Faits et Procédure :
Suivant jugement en date du 20 septembre 2019, le Tribunal de commerce de commerce de
CLERMONT-FERRAND a ouvert une procédure de liquidation judiciaire à l’encontre de l’EURL
[R], artisan charpentier couvreur, et a désigné la SELARL MJ [G] représen tée par
Maître [L] [G], en qualité de liquidateur judiciaire. Dans sa mission de recouvrement, la SELARL MJ [G] représentée par Maître [L]
[G], en sa qualité de liquidateur judiciaire de l’EURL [R], a demandé à la société
MAISONS MAG, constructeur de maisons individuelles, le règlement de 172 factures restées impayées.

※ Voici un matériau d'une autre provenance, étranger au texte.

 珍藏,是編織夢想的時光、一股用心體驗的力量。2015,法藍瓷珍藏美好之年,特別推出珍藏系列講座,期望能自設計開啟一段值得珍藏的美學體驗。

N’obtenant aucun paiement, Maître Yvan BOUSQUET, conseil de la SELARL MJ [G] représentée par Maître [L] [G], en sa qualité de liquidateur judiciaire de l’EURL [R], a mis en demeure la société MAISONS MAG par courrier en date du 4 mai 2023 de régler la somme de 37 936,58 € en principal outre 6 880 € (172 x 40 €) correspondant à l’indemnité forfaitaire pour frais de recouvrement, de laquelle il convient de déduire un montant total de 5 767,54 euros correspond à deux avoirs, soit une somme à régler de 39 049,54 euros.

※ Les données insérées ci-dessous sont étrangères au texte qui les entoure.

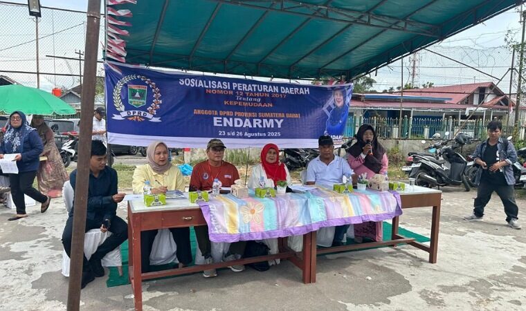 scientia.id- Anggota Komisi V DPRD Sumbar, Endarmy, mengadakan sosialisasi Peraturan Daerah (Perda) Nomor 12 Tahun 2017 tentang Kepemudaan, di Nagari Kayu Tanam, Padang Pariaman, Senin (25/8).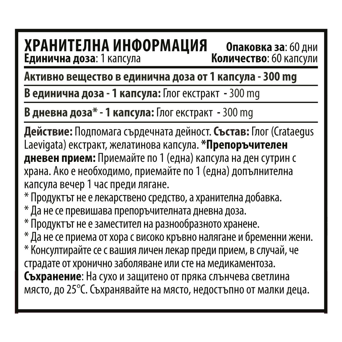 Количество в единична доза - 1 капсула: Глог екстракт - 300 mg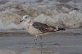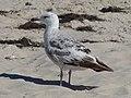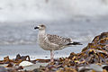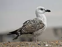 Juvenile birds of under a year old have scaly, checkered black-brown upper parts, the head and underparts streaked with gray brown, and a neat wing pattern. The face and nape are paler and the wing flight feathers are blackish-brown. The juvenile's tail is white with zigzag bars and spots at base and a broken blackish band near the tip. The bill of the juvenile is brownish-black with white tip and the legs dark bluish-gray with some pink tones. As the young gull ages, the gray-brown coloration gradually fades to more contrasting plumage and the bill darkens to black before growing paler. By the third year, the young gulls resemble a streakier, dirtier-looking version of the adult. They take at least four years to reach maturity, development in this species being somewhat slower than that of other large gulls. The call is a deep "laughing" cry, kaa-ga-ga, with the first note sometimes drawn out in an almost bovid-like sound. The voice is distinctly deeper than most other gull species.[18][19]

La société MAISONS MAG n’ayant réglé que 31 486,48 €, la société [R] a déposé devant le Président du Tribunal de Commerce de CLERMONT-FERRAND une requête en injonction de payer, reçue au Greffe de ce tribunal le 25 juillet 2023, à l’encontre de la société MAISONS MAG.
Par ordonnance en date du 27 juillet 2023, le Président du Tribunal de Commerce de CLERMONT-FERRAND a enjoint à la société MAISONS MAG de payer à l’EURL [R], en deniers ou quittances valables, la somme de 6 880 € en principal avec intérêts légaux, ainsi que les dépens dont frais de greffe liquidés à 33,47 € T.V.A incluse.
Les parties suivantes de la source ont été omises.